AB 1932 C.R.I.S.E.S. Act 2.0 (Elhawary)
📍Status: Passed out of committee April 14. 6-0. Referred to Assembly Judiciary
AB 1932 reauthorizes the Community Response Initiative to Strengthen Emergency Systems (CRISES) program, originally established by AB 118 (Kamlager, 2021). The program funds community-based alternatives to law enforcement as first responders in crisis situations that are not related to fire department or emergency medical service (EMS) response.
AB 2499: Climate Justice in Prison (Gipson)

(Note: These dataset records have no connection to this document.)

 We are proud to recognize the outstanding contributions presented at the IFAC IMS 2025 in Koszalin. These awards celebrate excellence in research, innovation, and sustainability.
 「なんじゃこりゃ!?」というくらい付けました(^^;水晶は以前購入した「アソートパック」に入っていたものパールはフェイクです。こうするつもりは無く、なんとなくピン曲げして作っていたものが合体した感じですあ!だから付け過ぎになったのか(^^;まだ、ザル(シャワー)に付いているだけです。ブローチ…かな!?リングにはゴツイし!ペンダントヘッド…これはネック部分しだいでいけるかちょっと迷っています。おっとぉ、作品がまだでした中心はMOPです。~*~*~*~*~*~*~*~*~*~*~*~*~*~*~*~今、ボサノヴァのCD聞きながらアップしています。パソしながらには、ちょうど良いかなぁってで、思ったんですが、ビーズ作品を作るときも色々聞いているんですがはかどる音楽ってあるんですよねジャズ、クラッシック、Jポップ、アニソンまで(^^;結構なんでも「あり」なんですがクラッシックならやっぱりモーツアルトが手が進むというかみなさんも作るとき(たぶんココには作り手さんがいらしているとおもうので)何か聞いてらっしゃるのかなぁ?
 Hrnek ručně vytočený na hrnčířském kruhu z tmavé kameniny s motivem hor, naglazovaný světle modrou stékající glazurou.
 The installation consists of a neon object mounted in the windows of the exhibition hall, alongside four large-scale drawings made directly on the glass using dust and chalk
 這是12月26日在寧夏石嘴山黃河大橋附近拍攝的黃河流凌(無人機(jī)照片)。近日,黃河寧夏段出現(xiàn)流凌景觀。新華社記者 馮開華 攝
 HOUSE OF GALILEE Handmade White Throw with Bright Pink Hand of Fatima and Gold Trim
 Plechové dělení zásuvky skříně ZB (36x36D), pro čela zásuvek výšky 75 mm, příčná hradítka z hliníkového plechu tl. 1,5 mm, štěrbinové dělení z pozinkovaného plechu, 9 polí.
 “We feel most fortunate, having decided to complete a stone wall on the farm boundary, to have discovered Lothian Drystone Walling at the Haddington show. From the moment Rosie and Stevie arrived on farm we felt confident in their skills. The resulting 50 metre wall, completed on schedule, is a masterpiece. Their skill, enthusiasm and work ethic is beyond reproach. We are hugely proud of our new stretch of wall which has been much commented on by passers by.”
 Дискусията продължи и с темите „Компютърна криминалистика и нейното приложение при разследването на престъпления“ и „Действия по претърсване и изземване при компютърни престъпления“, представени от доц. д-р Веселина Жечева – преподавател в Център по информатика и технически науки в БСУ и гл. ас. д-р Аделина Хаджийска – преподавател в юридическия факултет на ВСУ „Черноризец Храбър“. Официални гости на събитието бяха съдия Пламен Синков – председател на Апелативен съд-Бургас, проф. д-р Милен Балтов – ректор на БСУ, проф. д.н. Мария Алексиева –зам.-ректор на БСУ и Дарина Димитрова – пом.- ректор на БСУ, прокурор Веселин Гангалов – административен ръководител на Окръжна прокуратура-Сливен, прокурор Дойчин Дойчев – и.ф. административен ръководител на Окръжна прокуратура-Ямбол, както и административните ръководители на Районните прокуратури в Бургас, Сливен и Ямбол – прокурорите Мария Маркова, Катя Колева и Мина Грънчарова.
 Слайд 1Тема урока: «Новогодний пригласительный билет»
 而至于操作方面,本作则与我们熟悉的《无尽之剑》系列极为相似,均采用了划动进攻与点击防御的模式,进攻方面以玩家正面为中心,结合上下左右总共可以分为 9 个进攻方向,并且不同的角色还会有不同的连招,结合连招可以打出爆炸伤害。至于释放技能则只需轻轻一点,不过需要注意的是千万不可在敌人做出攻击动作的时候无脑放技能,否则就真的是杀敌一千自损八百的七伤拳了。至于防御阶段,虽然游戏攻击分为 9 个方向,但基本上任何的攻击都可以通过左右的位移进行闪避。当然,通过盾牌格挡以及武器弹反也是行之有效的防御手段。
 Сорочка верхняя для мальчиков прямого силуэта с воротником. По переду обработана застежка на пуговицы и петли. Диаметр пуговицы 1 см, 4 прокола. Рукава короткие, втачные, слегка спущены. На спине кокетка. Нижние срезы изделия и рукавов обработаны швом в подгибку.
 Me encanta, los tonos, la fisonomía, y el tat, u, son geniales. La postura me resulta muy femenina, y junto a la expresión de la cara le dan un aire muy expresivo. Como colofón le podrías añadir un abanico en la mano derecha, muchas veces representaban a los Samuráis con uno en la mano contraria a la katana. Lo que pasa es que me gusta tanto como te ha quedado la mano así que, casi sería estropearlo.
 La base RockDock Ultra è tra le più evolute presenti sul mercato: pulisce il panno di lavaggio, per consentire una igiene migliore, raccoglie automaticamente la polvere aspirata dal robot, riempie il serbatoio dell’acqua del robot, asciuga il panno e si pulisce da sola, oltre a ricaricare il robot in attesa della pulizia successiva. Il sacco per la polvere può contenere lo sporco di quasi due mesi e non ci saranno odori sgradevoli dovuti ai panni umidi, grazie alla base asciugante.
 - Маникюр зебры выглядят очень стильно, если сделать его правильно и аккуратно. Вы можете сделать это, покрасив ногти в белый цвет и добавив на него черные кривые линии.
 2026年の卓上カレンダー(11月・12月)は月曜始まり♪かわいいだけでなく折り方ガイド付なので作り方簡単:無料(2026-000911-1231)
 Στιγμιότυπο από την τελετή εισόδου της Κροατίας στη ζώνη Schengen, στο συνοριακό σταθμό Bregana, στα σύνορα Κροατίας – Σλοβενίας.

📍Status: Passed Assembly Public Safety 3/24, Ref. Labor & Employment 4/22. Sent to Assembly Appropriations. Will be heard on on May 6, 2026
AB 2499, formerly put forth as AB 1424 (2025), would expand worker rights to include incarcerated people, adding protections from dangerous work conditions due to extreme weather by setting indoor temperature standards, improving emergency plans, and strengthening safety measures.